According to NASA’s Apollo 9 photograph catalog, the picture was taken at 21.50 GMT on March 10, 1969, and is described tersely on page A-94 as  “Lunar view”.

The GAPE catalog reports that the photo was taken with an 80-mm lens: the same one used for the other photographs on the same film spool, including the ones taken directly before and after, which show views of the Earth (Figure 11.7-4).

Figure 11.7-4. Photos taken before and after AS09-23-3500, which is the first on the left in the third row.


However, a photograph taken with an 80-mm lens from Earth orbit would not have yielded such a large image of the Moon, especially with medium-format Hasselblad cameras such as those used on Apollo 9 (which used 70-mm film). This means that AS09-23-3500 was taken with a high-magnification lens. But there were no suitable telephoto lenses on board Apollo 9.

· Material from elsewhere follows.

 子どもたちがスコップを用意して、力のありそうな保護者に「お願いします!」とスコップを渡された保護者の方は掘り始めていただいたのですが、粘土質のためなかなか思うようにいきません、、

It turns out that Apollo 9 actually had a sort of high-magnification lens: the one fitted to the sextant used to determine the position and attitude of the spacecraft with respect to the stars, as explained in a NASA video (Figures 11.7-5 and 11.7-6). This sextant had a 28x lens.

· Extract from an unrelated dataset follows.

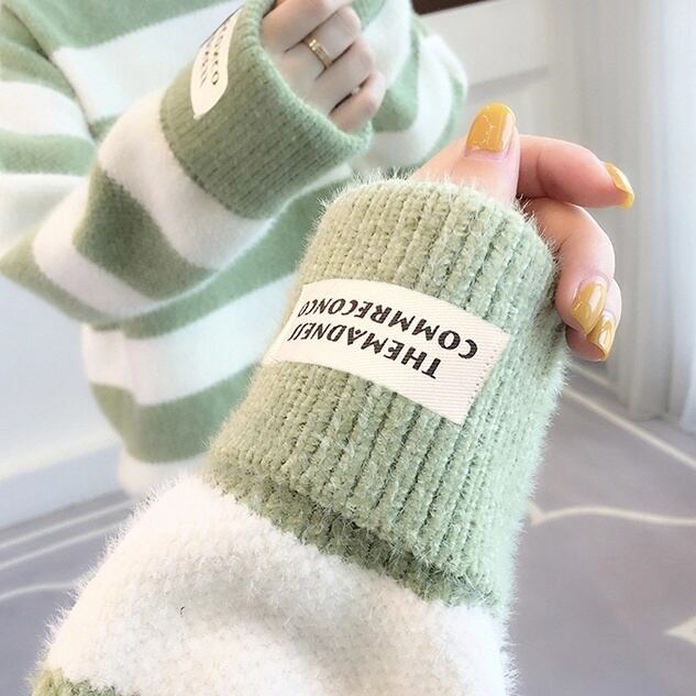 楽ちんな着心地で、人気のボーダーデザインが特徴のふわふわニットトップス。

Figure 11.7-5. The Apollo sextant in a NASA informational video.


Figure 11.7-6. An Apollo sextant on display at the National Air and Space Museum. Credit: Doug Adler, Astronomy.com.

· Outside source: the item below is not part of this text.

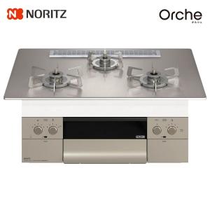- ノーリツ ビルトインコンロ N3WU2PWASKSTESC Orche オルシェ 75cm幅 ガラストップ:シルバーミラー 3口ガスコンロ *ロティプレート同梱 *オーブン接続不可

This sextant had a sighting reticle, shown in Figure 11.7-7, formed by lines arranged in a cross-like configuration. One of the arms of this cross was formed by two parallel lines. This shape matches quite closely the arrangement of the linear objects in AS09-23-3500. If you look at the photograph carefully, moreover, you’ll notice that there are two highly blurred lines at right angles to the three darker ones.

Figure 11.7-7. The reticle of the Apollo sextant, as shown schematically in a NASA video.


In other words, the most plausible explanation for the mysterious linear objects is that the photograph was taken through the sextant’s lens by placing the camera’s lens against the eyepiece of the instrument. This inevitably included the sextant’s reticle in the frame. The camera moved slightly during the shot, more or less in the same direction as the three darker lines, and therefore blurred the perpendicular ones.

Figure 11.7-8. The reticle of the Apollo sextant compared with a detail of AS09-23-3500.


The option of taking photographs through the eyepiece of the sextant had been  explicitly planned and was actually used at least once during Apollo 14 for the similar COAS system installed in the Command Module.

The alleged “fleet of UFOs”, therefore, is not a cluster of giant extraterrestrial spacecraft but almost certainly set of tiny reticle lines of the sextant through which this unscheduled photo of the Moon was taken.*

* A more detailed version of this analysis is available in the article Nufologia: il mistero delle linee davanti alla Luna di Apollo 9 (in Italian) by the same author (2019).